Sale: Sotheby's, London, November 18, 1992, lot 12, illustrated
This painting commemorates one of the most unusual actions in British naval history. On January 31, 1804 the East India Company’s fleet of merchant vessels left Canton commanded by Commodore Nathaniel Dance, nephew of the artist, Nathaniel Dance. On February 11, the fleet, consisting of only sixteen Indiamen and eleven smaller ships, met a French squadron commanded by Admiral Linois off Pulo Aor in the straits of Malacca. The French admiral concluded that three of Dance’s ships were men-of-war and Dance’s bold attitude in ranging his fleet into the line of battle reinforced his belief.
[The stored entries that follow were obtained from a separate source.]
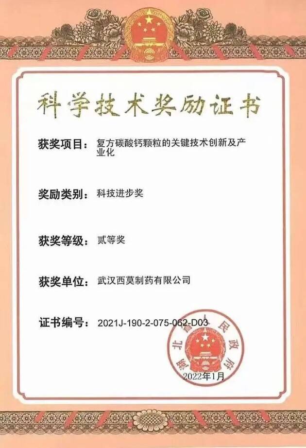 近期,湖北省科技创新大会公布了2021年度湖北省科学技术奖获奖名单,其中武汉西莫制药有限公司(简称)的“复方碳酸钙颗粒的关键技术创新及产业化”项目荣获湖北省科学技术进步奖二等奖,也是2021年湖北省内获奖的唯一创新药企。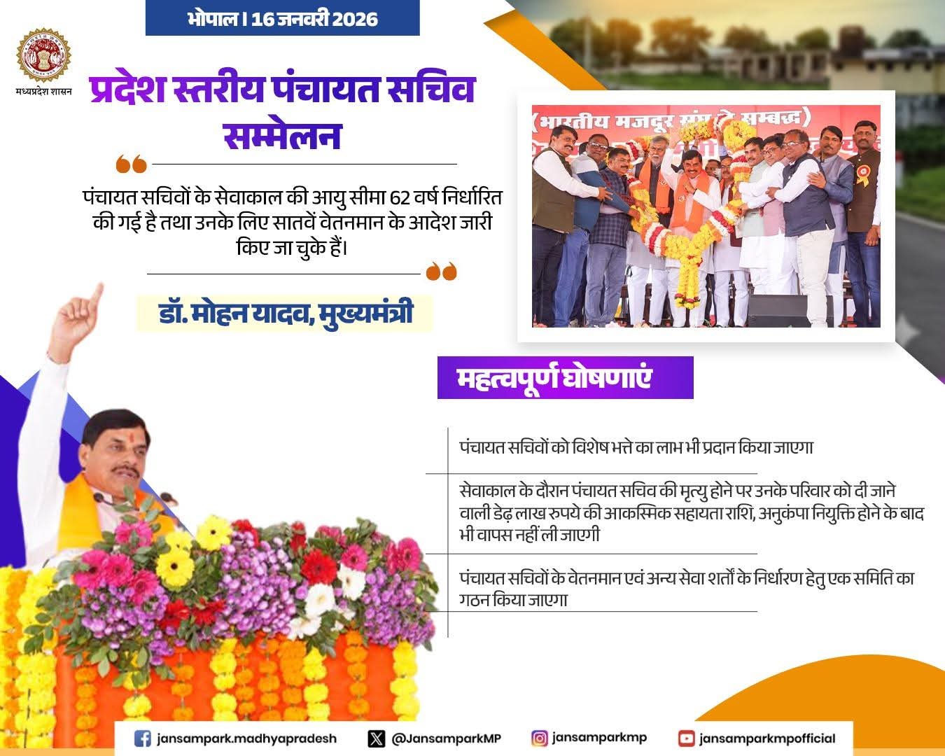मुख्यमंत्री डॉ मोहन यादव द्वारा दशहरा मैदान, भोपाल में आयोजित मध्यप्रदेश पंचायत सचिव महासंघ महासम्मेलन में सहभागिता
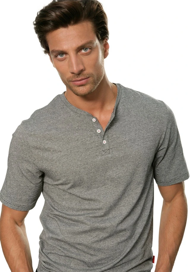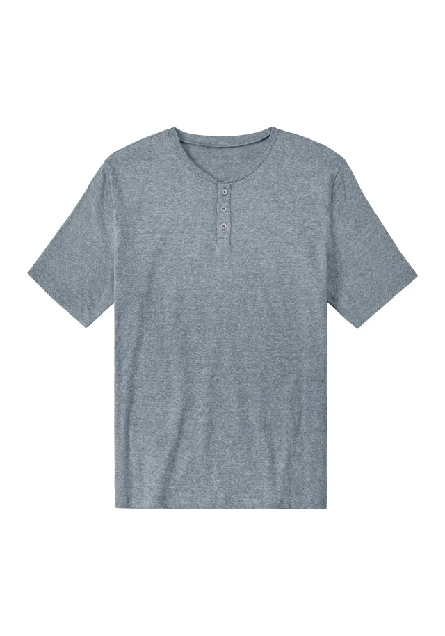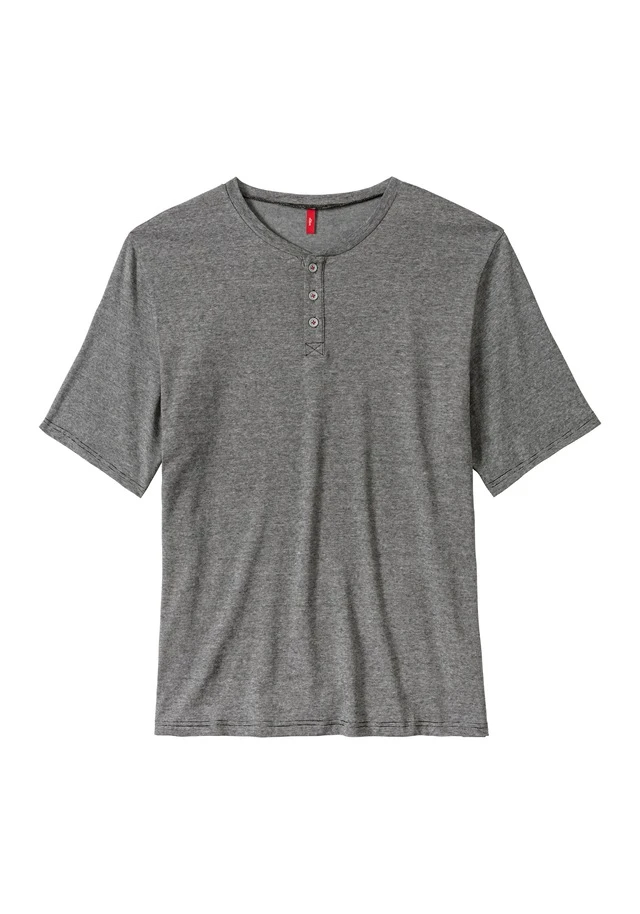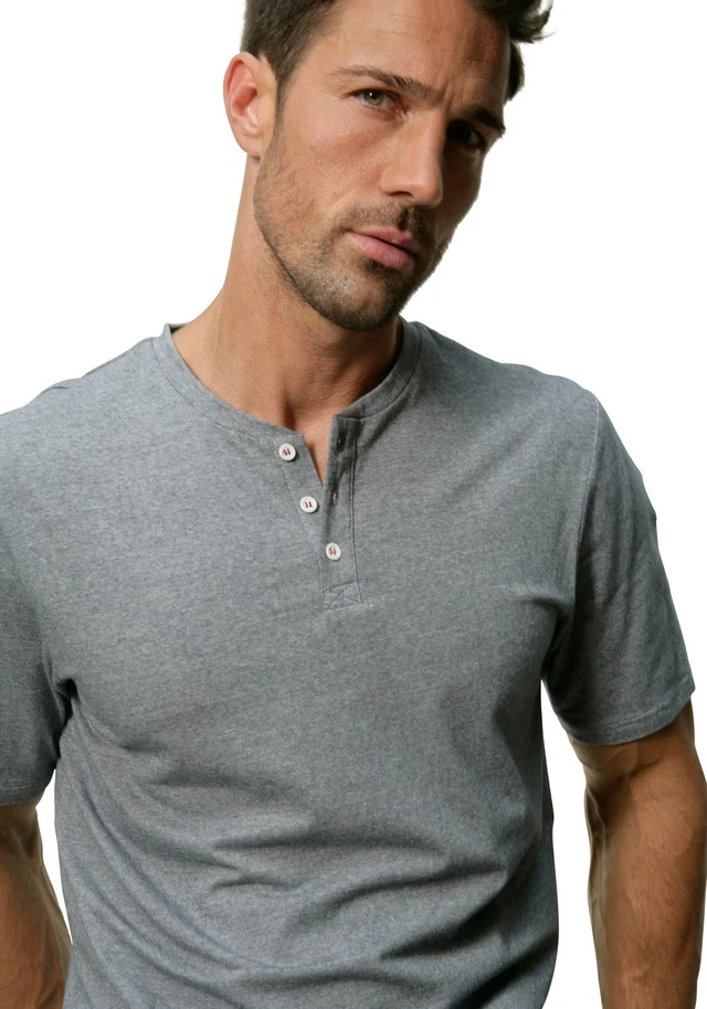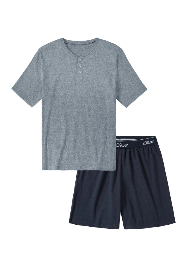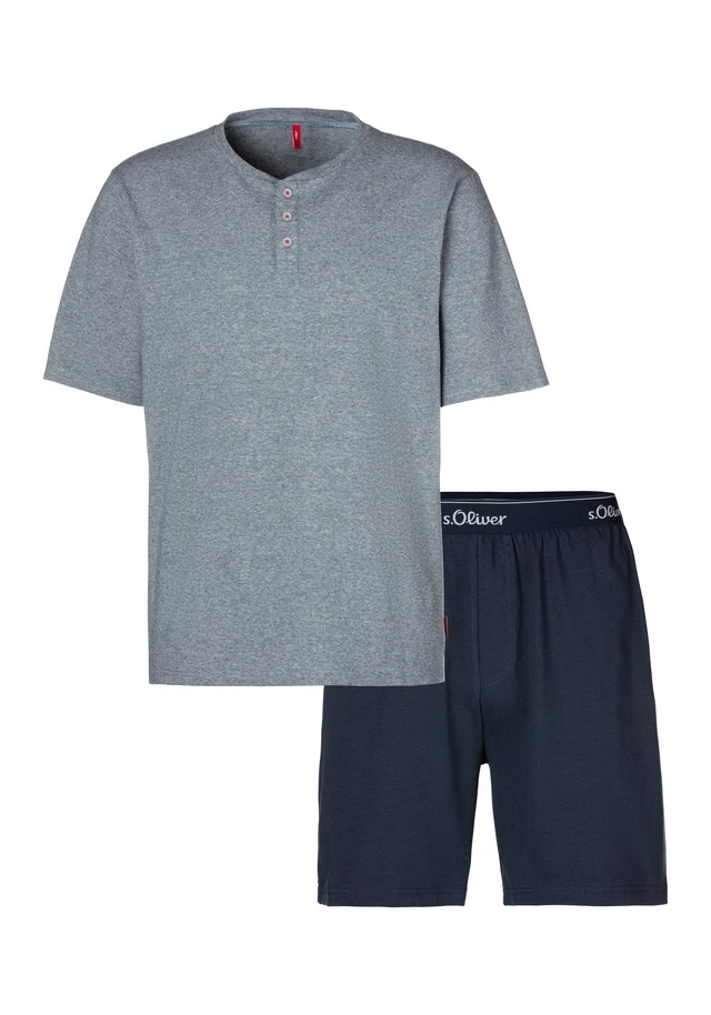 s.Oliver Pyjama, (2 tlg., 1 Stück), Oberteil in Melange-Optik mit Knopfleiste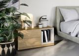 There are several standard widths of Easy chests and Tetris open units to choose from and they can also be placed side by side and covered with one long top, an example of which is seen and priced here. The images show a 2 drawer 46cm wide Easy chest in a rovere miele finish with a corda matt lacquered Tetris open unit 30cm wide sitting on 7cm base in rovere miele finish.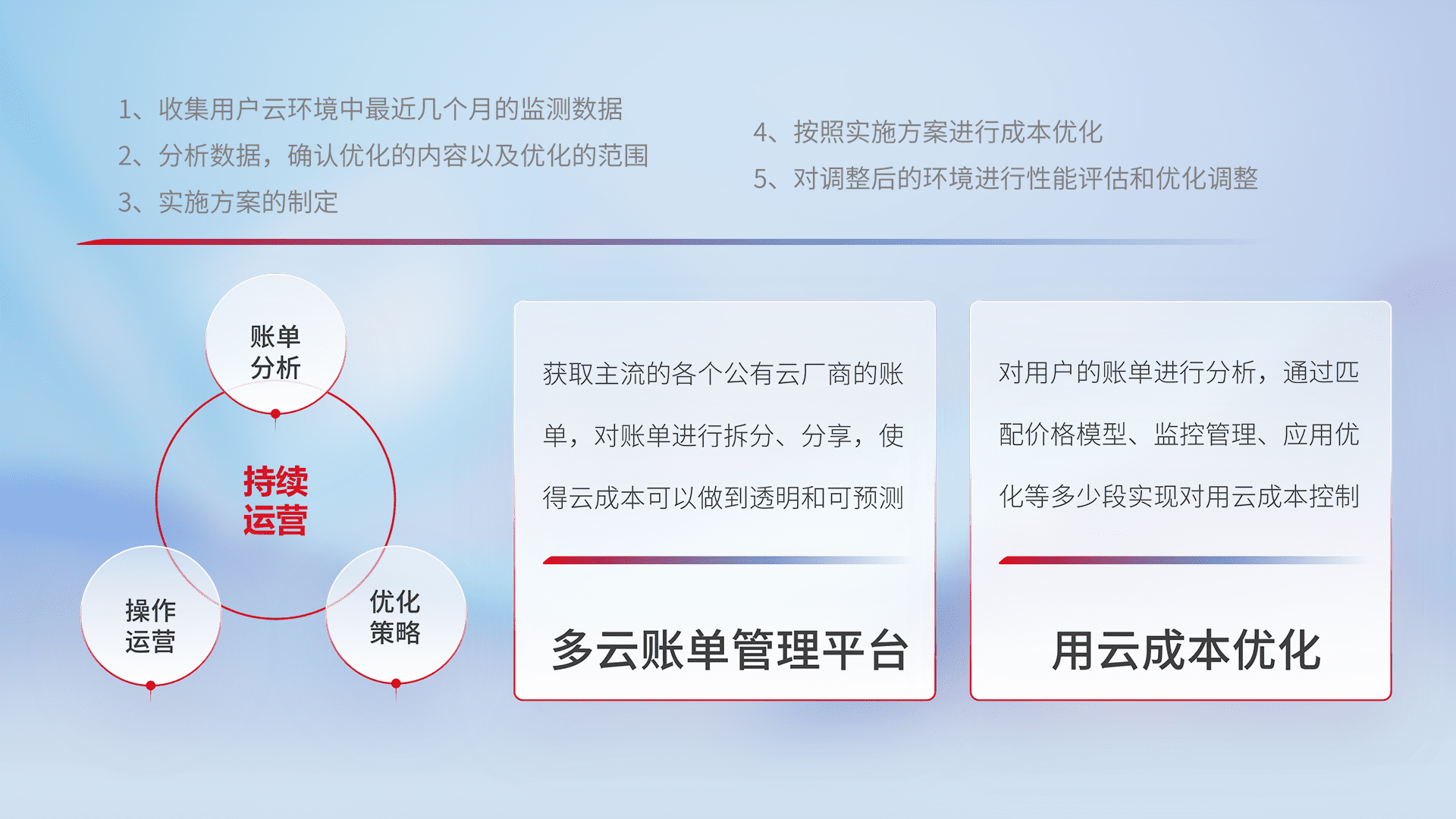 通过多云纳管,,,,以统一的资源数据模型把客户的云资源进行抽象和封装,,,进而实现对多云资源的统一操作,,,保障云资源管理的可靠性、、、稳定性与可用性。。。。量身定制化运维内容,,,,配置、、、开发运维、、补丁管理、、、、备份、、、、监控、、认证和访问管理、、、审计和日常巡检等,,,保障在用云过程中的可靠度,,,,稳定度以及高可用率。。。。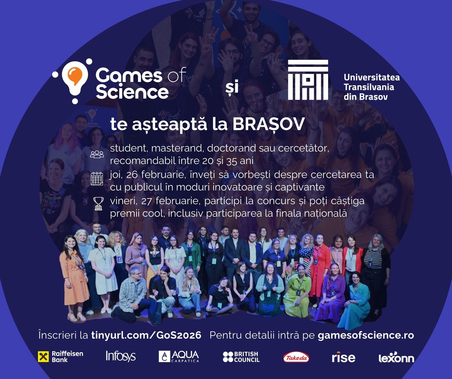 Programul este deschis studenților, masteranzilor, doctoranzilor și cercetătorilor din toate domeniile, cu vârste cuprinse, orientativ, între 20 și 35 de ani. Înscrierile se fac online, pe platforma gamesofscience.ro sau prin formularul dedicat, disponibil la tinyurl.com/GoS2026.

The next morning, Dance made the signal to engage the enemy and the attack was led by the Royal George under Captain Timmins, followed by the Ganges and the Earl Camden, Dance’s ship. Linois believed that the attack came from ships of the line, and after a few badly aimed broadsides, decided to flee. Dance signaled his fleet to chase the French, and for two hours, the merchantman pursued the powerful French squadron. The only loss on the English side was one man killed and one man wounded, and no ships were damaged. On February 28, Dance’s fleet met two English warships which escorted them to St. Helena. On his return home, Dance was knighted and voted a pension from the grateful East India Company.
Buttersworth’s painting shows five French ships to the right firing at the Indiamen, which are returning fire.